SUPPLIED RECORDS →

== == ==

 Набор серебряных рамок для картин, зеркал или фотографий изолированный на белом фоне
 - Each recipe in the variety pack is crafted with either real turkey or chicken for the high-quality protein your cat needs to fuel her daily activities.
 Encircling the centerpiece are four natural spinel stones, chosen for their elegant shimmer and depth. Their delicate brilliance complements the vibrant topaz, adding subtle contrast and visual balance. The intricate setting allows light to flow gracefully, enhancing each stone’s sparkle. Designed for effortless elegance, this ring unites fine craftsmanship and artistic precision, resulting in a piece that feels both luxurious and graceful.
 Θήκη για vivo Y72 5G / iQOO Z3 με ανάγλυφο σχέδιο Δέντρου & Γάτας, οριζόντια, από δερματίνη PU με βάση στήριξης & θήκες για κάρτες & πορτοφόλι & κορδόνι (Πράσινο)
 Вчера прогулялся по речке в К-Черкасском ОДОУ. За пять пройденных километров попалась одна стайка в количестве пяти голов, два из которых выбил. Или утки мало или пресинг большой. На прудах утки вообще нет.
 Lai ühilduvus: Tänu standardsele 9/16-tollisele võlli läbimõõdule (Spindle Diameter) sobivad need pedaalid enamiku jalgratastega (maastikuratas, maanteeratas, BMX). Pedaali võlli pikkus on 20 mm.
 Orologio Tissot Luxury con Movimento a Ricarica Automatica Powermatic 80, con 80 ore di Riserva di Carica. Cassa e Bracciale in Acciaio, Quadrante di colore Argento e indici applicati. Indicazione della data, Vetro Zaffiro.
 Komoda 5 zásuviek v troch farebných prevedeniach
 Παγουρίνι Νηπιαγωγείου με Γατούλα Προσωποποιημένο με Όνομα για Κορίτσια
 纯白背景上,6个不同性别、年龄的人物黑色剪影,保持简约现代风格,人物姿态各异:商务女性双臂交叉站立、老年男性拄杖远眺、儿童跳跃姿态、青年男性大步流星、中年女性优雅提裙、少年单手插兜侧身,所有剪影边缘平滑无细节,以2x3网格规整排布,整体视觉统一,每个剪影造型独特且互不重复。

== == ==

EXERCISE GOAL →
Only one span of lines is wanted: the line with "Παγουρίνι Νηπιαγωγείου με" and every line after it to the end of the entries, output exactly.

RESULT OF THE TASK →
 Παγουρίνι Νηπιαγωγείου με Γατούλα Προσωποποιημένο με Όνομα για Κορίτσια
 纯白背景上,6个不同性别、年龄的人物黑色剪影,保持简约现代风格,人物姿态各异:商务女性双臂交叉站立、老年男性拄杖远眺、儿童跳跃姿态、青年男性大步流星、中年女性优雅提裙、少年单手插兜侧身,所有剪影边缘平滑无细节,以2x3网格规整排布,整体视觉统一,每个剪影造型独特且互不重复。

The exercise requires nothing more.